Honors Anatomy and Physiology students dissect cats

By Kristina Milewski

Juniors Rachel Blair and Isaiah Gum cut open the bag holding their dissection cat on Wednesday, March 28.

Kristina Milewski, features editor

With the smell of preservatives wafting around the classroom, students gather around the back table in science teacher Eric Thomas’ classroom to observe the proper techniques for dissecting a cat.

In the Silver 4 Honors Human Anatomy and Physiology class of 16 students ranging from sophomores to seniors, everyone seems surprisingly nonchalant at the task they were about to perform.

“I guess we’re just usually sitting and listening,” junior Rachel Blair said. “Now we’re actually getting our hands dirty.”

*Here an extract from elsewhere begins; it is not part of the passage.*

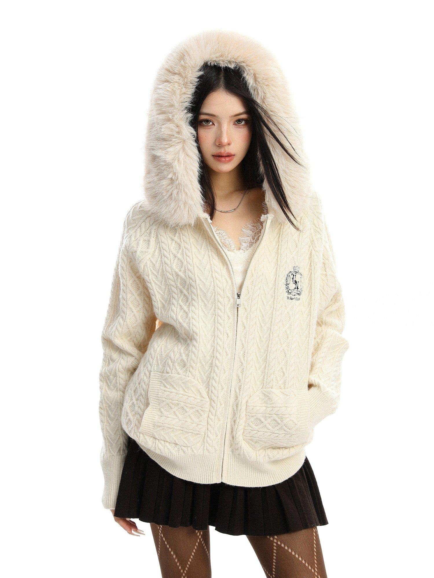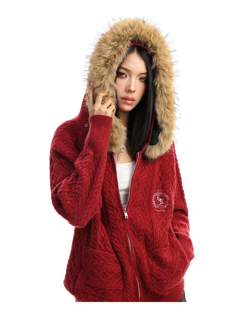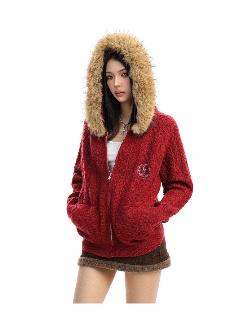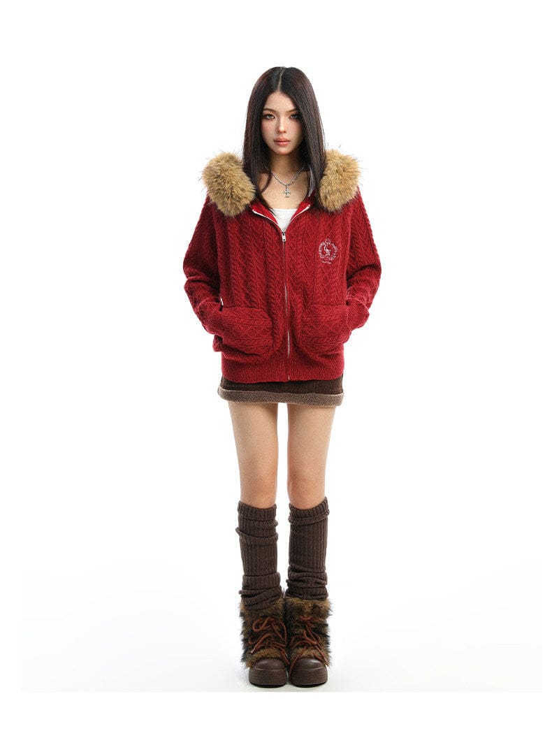 BIGGOLD Christmas and New Year fur collar hooded red sweater women's autumn and winter atmosphere warm knitted cardigan top

The cat dissection began on Wednesday, March 29. The students dissect every class period for four to five weeks until the end of the school year. During these class periods, the students will be able to fully dissect a preserved cat. The dissection begins with the cat’s digestive system and will finish with a lobotomy of the brain.

“Certainly you get an opportunity to see what you’ve learned by dissecting. They get to practice dissection skills if they do decide to pursue biology further. It’s also good practical knowledge for their life,” Thomas said. “They see how their own anatomy works.”

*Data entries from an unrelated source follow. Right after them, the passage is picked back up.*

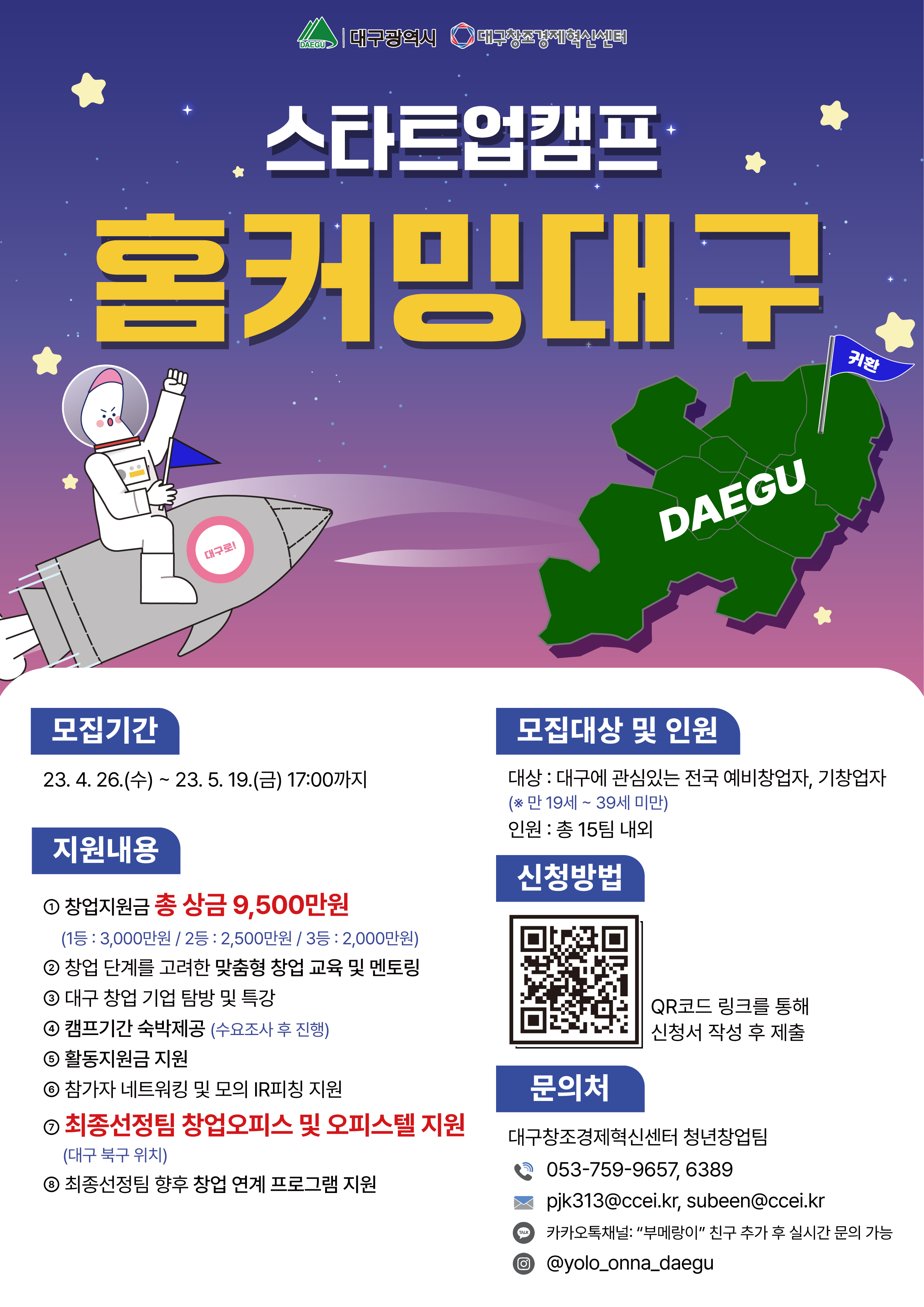< 「청년 귀환 채널구축 사업」스타트업캠프 홈커밍대구 참가자 모집 > ■ 목적 : 타지역의 청년창업가들이 대구에서 창업의 꿈을 실현할 수 있도록 지원 ■ 기간 : [모집] 2023년 4월 26일(수) ~ 5월 19일(금) [운영] 2023년 6월 5일(월) ~ 6월 16일(금) ■ 대상 : 만 19세 ~ 39세의 타지역에서 활동하는 청년창업가 ■ 내용 : 1) 창업 단계를 고려한 맞춤형 창업교육 및 멘토링 / 창업 기업 탐방 및 특강 2) 캠프 기간 숙박제공 / 활동지원금 지원 3) 참가자 네트워킹 및 모의 IR 피칭 지원 4) 최종 아이디어 공유회 ■ 최종 선발 팀(3팀) 지원내용 1. 사업화자금 총 9,500만원(1등 : 3,000만원 / 2등 : 2,500만원 / 3등 : 2,000만원) 2. 창업공간(대구 북구 소재 대구은행 제2본점 대구창업캠퍼스) 3. 주거공간(대구 북구 소재 오피스텔) 4. 창업 지원 프로그램 연계 |
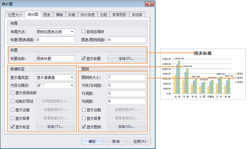 - 【统计图】选项卡:设置标题、数据标签、图例的参数。
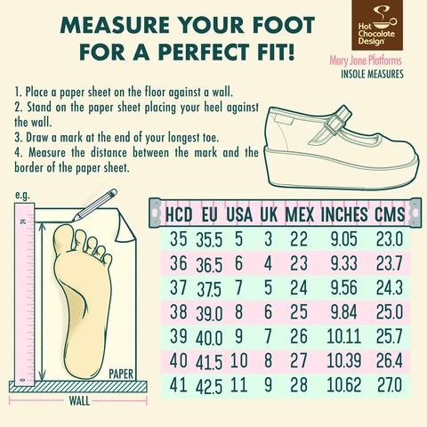 Chocolaticas® Havana Mary Jane Flat Shoes. These gorgeous shoes are proudly vegan with a lovely monochrome design. With a non-marking rubber sole, you can enjoy the comfort of a cushioned inner sole. You’ll fall in love with these stunning shoes which feature an adjustable buckle and printed fabric upper. Check HCD’s size guide in the images for the right fit for you.
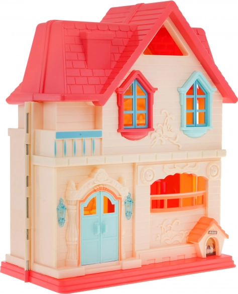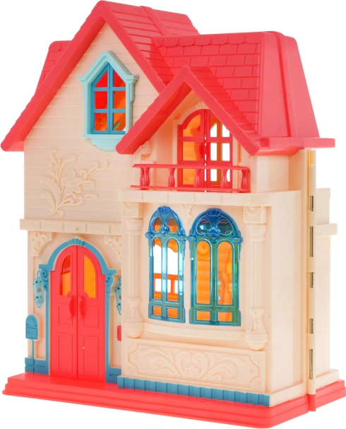 Táto farebná rozkladacia vila ponúka deťom od 3 rokov nekonečné možnosti hry. Po otvorení získate prístup do štyroch detailne vybavených izieb s nábytkom a doplnkami. Zvonček pri vstupných dverách po stlačení prehrá zvuk zvonenia a štekotu psíka a súčasne rozsvieti lampy pri dverách, v miestnosti navyše bliká stojacia lampa.
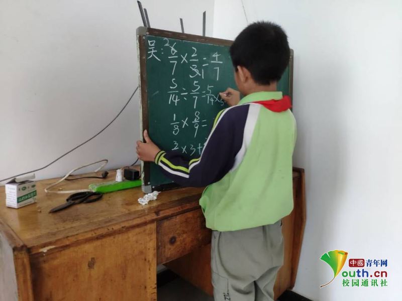 为期22天的线上支教服务结束后,部分志愿者根据当地现有条件,在甘肃省定西市渭源县莲峰镇开展线下入户支教服务。烈烈骄阳阻挡不了志愿者的脚步,即便没有专门的教学器材,但只要师生同心,一块小黑板,一盒粉笔,一张桌子足以撑起这个温馨小课堂,志愿者在小黑板前滔滔不绝,兴致勃勃地讲解各个知识点,学生则端正的坐在小桌旁,时而喜笑颜开,时而若有所思,挠挠头,抓抓手,蚊子不停地和学生嬉戏,他们一遍驱蚊,一边认真思考,细心的志愿者注意到后给他们喷了一点花露水,整个教室都香香的,炎炎夏日,与这群小朋友在一起,好像回到了小时候,一起玩游戏,猜谜语,讲习题……充满童真的他们没有那么多的拘谨,不需要那么的秩序,他们有的是天真无邪,是自由的表达自己的想法,生气了就撅起小嘴,高兴了就开怀大笑,在一起的时光会让人忘记烦恼,徜徉快乐大海。图为线下辅导时学生写习题 中国青年网通讯员 李娜 摄
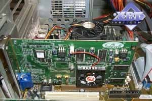 - память — 32MB SDR SDRAM в 4-х микросхемах Micron 6ns, частота работы 160 МГц, 128-битная шина обмена с чипсетом;
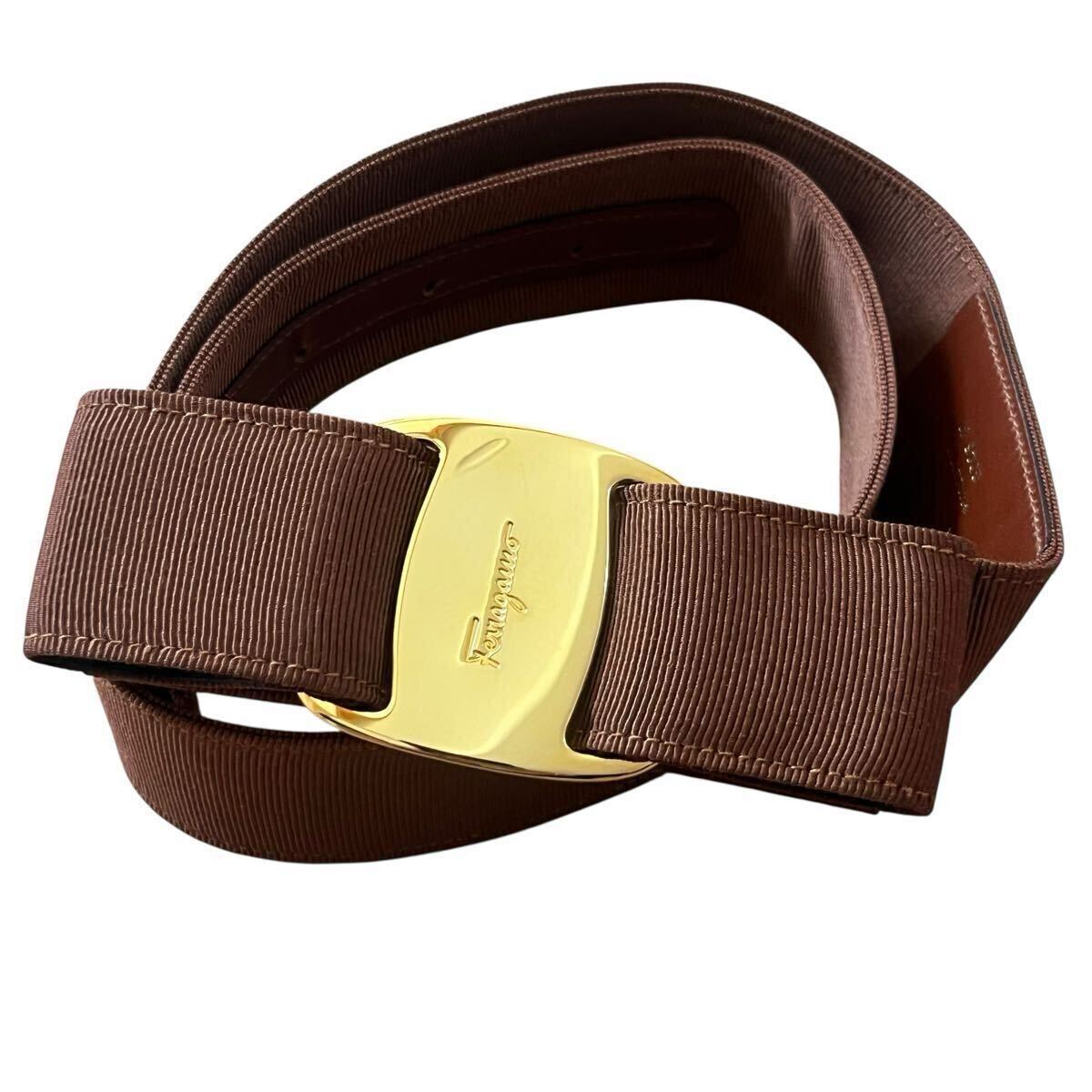 - 美品 Salvatore Ferragamo フェラガモ ヴァラ ベルト リボン Mサイズ ウエストマーク ブラウン イタリア製

Some students in Honors Human Anatomy and Physiology found it beneficial to take Zoology prior to Anatomy as it prepared them for the cat dissection. Thomas states that students are dissecting specimens in Zoology for about 25 class periods out of the school year, ranging from sponges to fetal pigs.

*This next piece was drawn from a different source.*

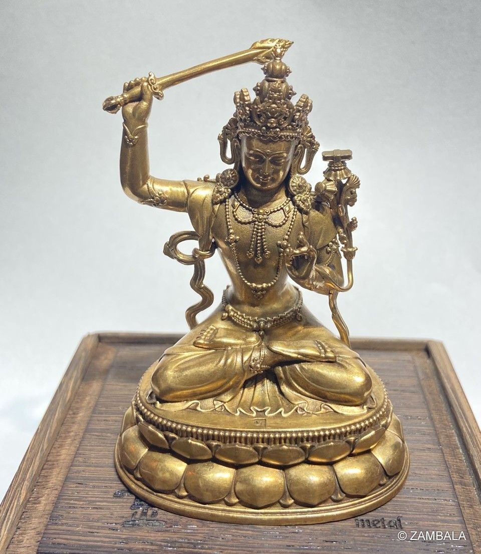 3. **慈悲與行動**:雖然以智慧著稱,文殊菩薩也體現慈悲,通過智慧幫助眾生脫離苦海,與其他菩薩如觀音(慈悲)與金剛手(力量)共同構成藏傳佛教中的重要菩薩形象。
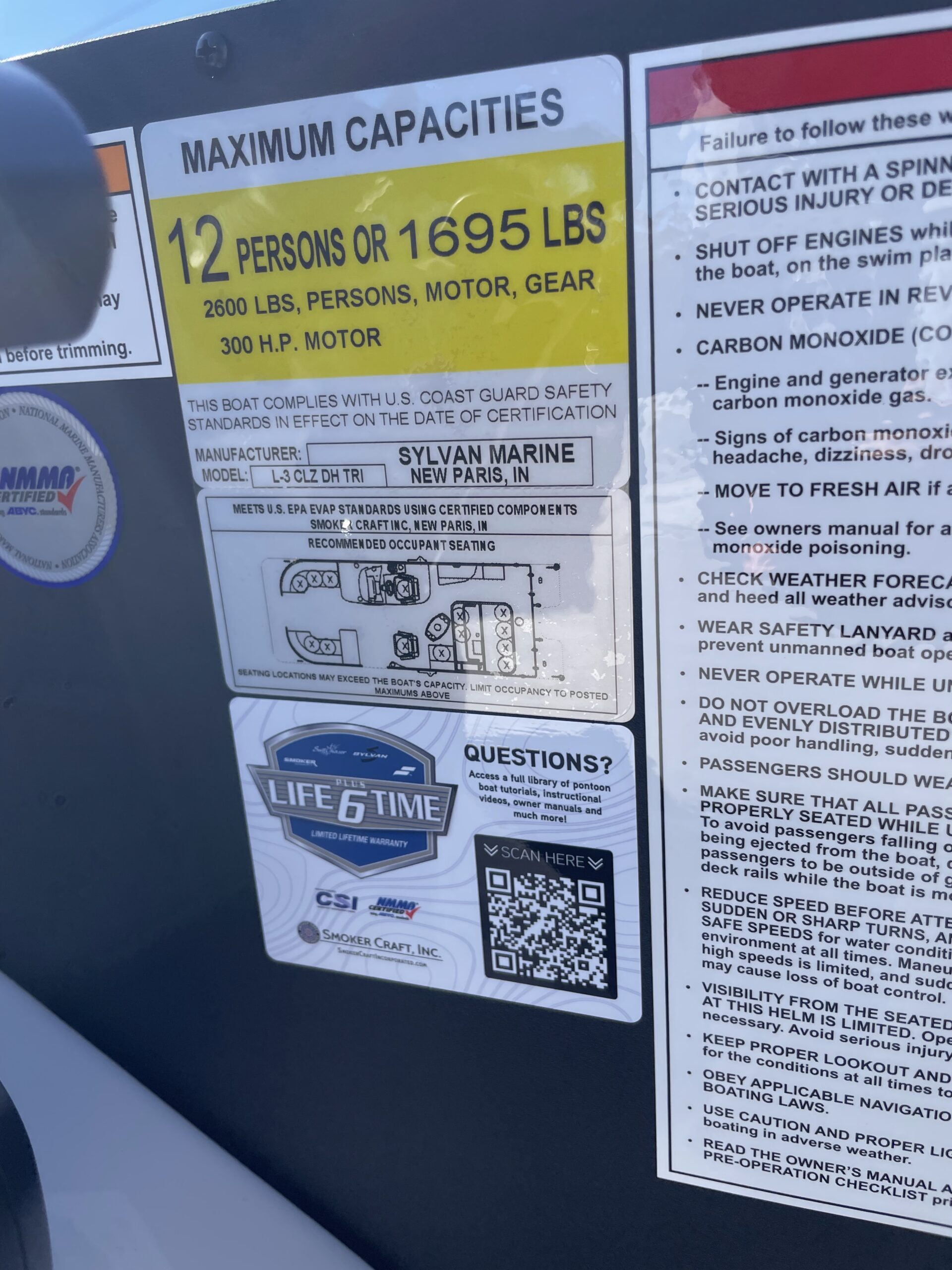 • Max capacity: 12 people / 1,695 lb

“Zoology helped me a lot,” senior Kristyn Harding said. “You dissect, like, every class period.”

Another task in the dissection process is figuring out a name for the cat. Coming up with a creative name is actually part of the final grade. Seniors Megan Hightower and Brittany Zarda debated names while dissecting their cat.

“We’ve got a tough kitty,” senior Megan Hightower said. “Maybe Cathy, like Chatty Cathy. Or Jeanette, or maybe Queen Elizabeth.”

Thomas states that people don’t faint during cat dissections very often. The previous seven months of studying and learning about human anatomy has prepared them for this final project.

“I try to keep in mind that this is better because it’s for research,” senior Leah Rettig said.